Maybe you’re just too fat to have a baby and other things no one said but I heard in my head

I’ve struggled with my weight for much of my adult life. I was very active in as a kid and through my teen years, and with only a few exceptions of the low-fat lifestyle trends of the 90s, I didn’t think all that much about what I ate. I started pretty steadily putting on weight in college, but for much of my early 20s remained only about a size or two bigger than I was when I graduated. I wouldn’t call myself a yo-yo dieter, but an slowly-moving, unmotivated yo-yo is a fairly apt description of my weight after 26 or 27.

Three years into fertility treatments, the scale isn’t too kind to me. It started to tick up when I started Clomid, then exploded during the transition from IUIs to IVF. Much of this was related to the hormones pumping through my body. It is also more literally tied to eating ice cream to dull the feelings of unsuccessful cycles, miscarriages and feeling like I’m completely broken. I can own that. All total I put on about 35 pounds in these three years and, in October when I met with the doctor offering a second opinion, was the heaviest I’ve ever been.

Over the course of that conversation, the new RE suggested that because of my weight, I was probably producing poor quality eggs, resulting in poor quality embryos, leading to lack of implantation. I wasn’t shocked by this assessment, but I was taken aback. This wasn’t a factor on the table with my Peyton Manning doctor. He never once said to me that I should consider putting the spoon down. I’d certainly read a bit online about BMI affecting egg quality, but if I’d asked and my doctor didn’t think it was the reason for three years of ultimately unsuccessful treatments, then it probably wasn’t… right?

In the moment, I left that RE’s office feeling absolutely deflated (like Tom Brady’s footballs… [I’m just going to keep running with these weird football analogies, so roll with it]). It was a deep cut to hear that my weight could be preventing me from achieving success. He’d told me that to take me on as a new patient, he’d want me to first lose 20 pounds. Twenty pounds caused by Clomid and ice cream and Estrace and pizza and watching everyone else become a mother.
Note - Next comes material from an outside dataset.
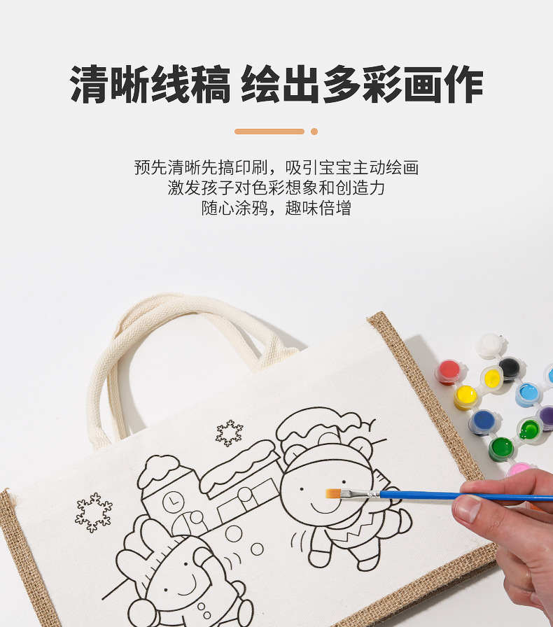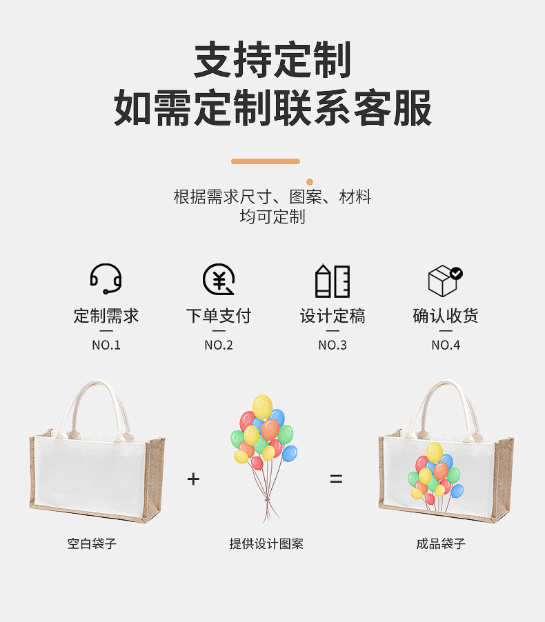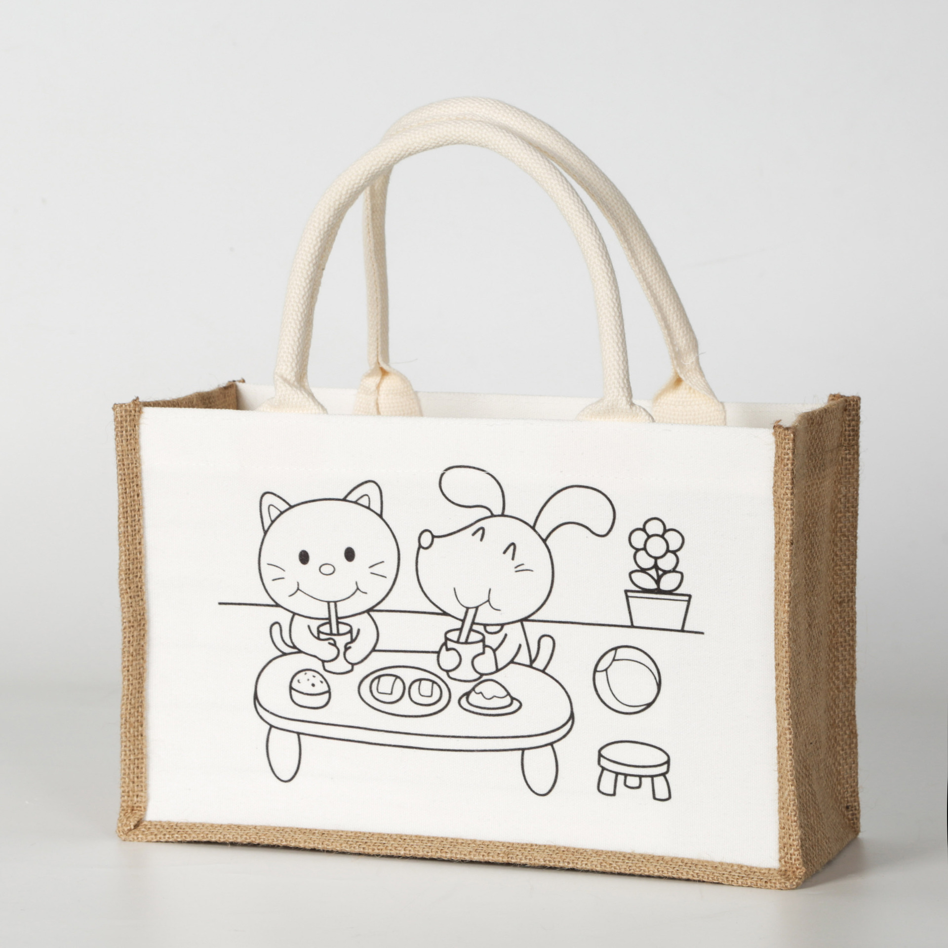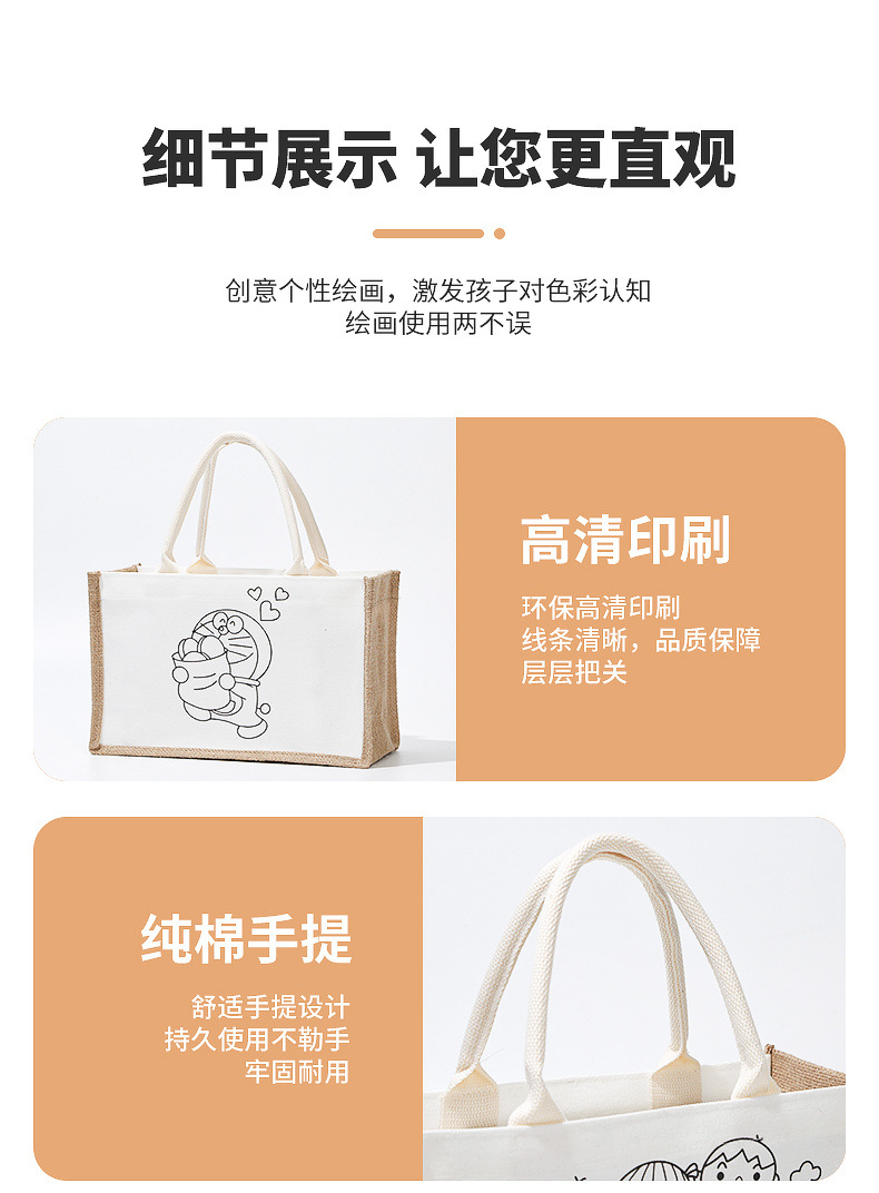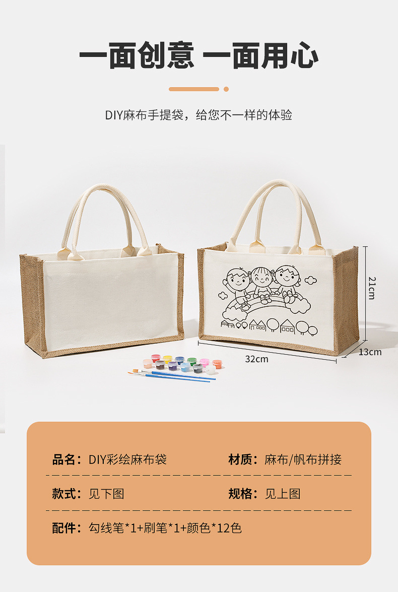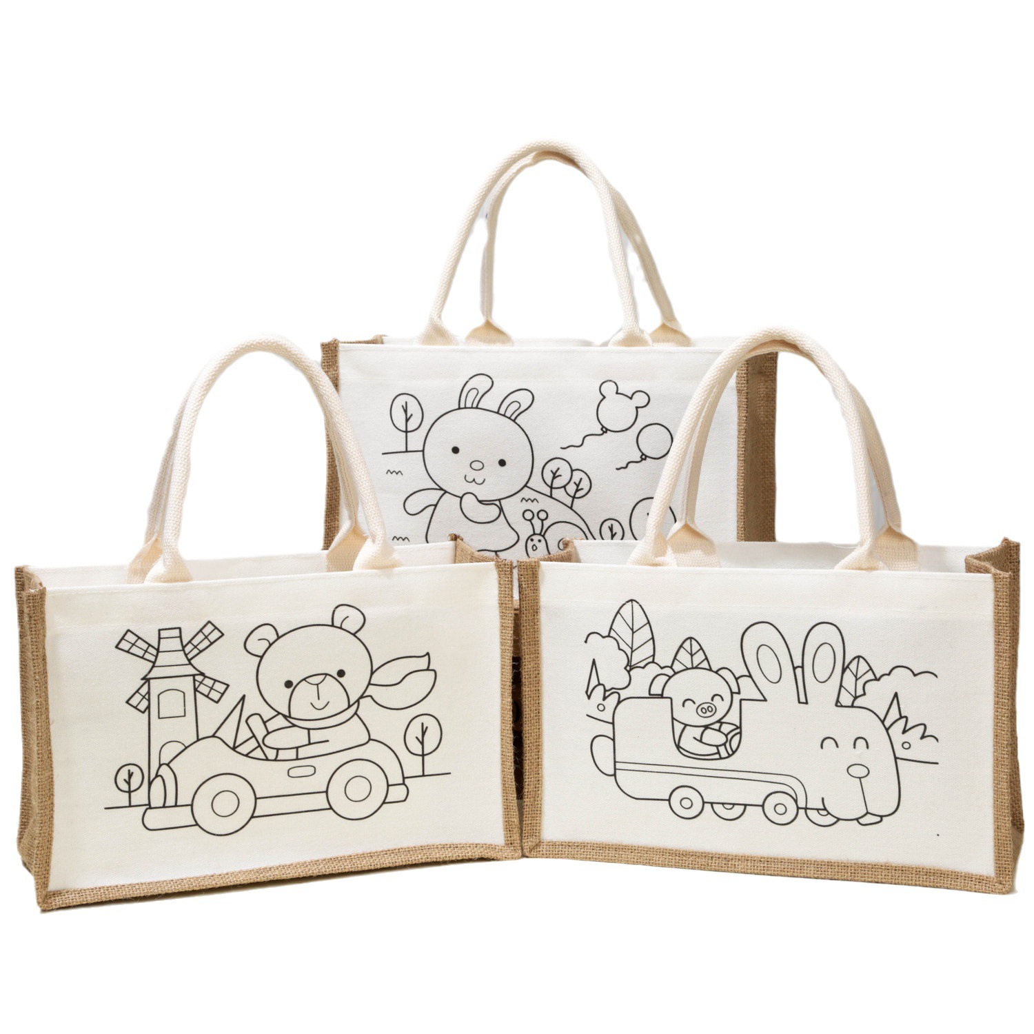 现货麻布袋diy手绘线稿涂鸦覆膜亚麻布袋创意便携礼品手提袋制定
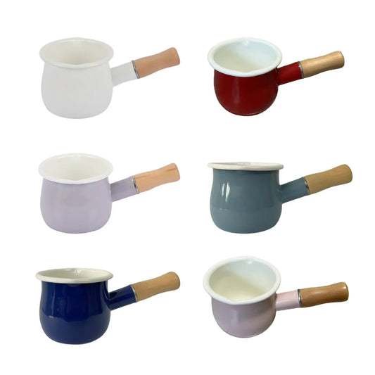 [cookware] 500ml Enamel Milk Pan Small Food Warmer Multifunctional Small Cooking Pot Small Enamelware Butter Warmer with Wooden Handle

Over the last four weeks I’ve used every ounce of brain space that I once reserved for progesterone dosages and ultrasound appointments to retrain myself to eat. Knowing myself well enough to know follow-through isn’t my strongest quality when it comes to a new routine, I joined one of the medically-supervised weight loss clinics that seem to be popping up on every corner. The staff has been supportive and has helped me address the areas of emotional eating that are the biggest triggers and challenges for me. I feel better, and I’m doing really well on their program. I’ve said goodbye to sugar (again), and have actually started to like the taste of Greek yogurt. I belong in a Dannon commercial.

I’m going to tick that 20 pounds off and keep going until we’ve pulled together the financials for another stim round. I can’t be the thing standing in my way of being a mom, so I’m not going to be.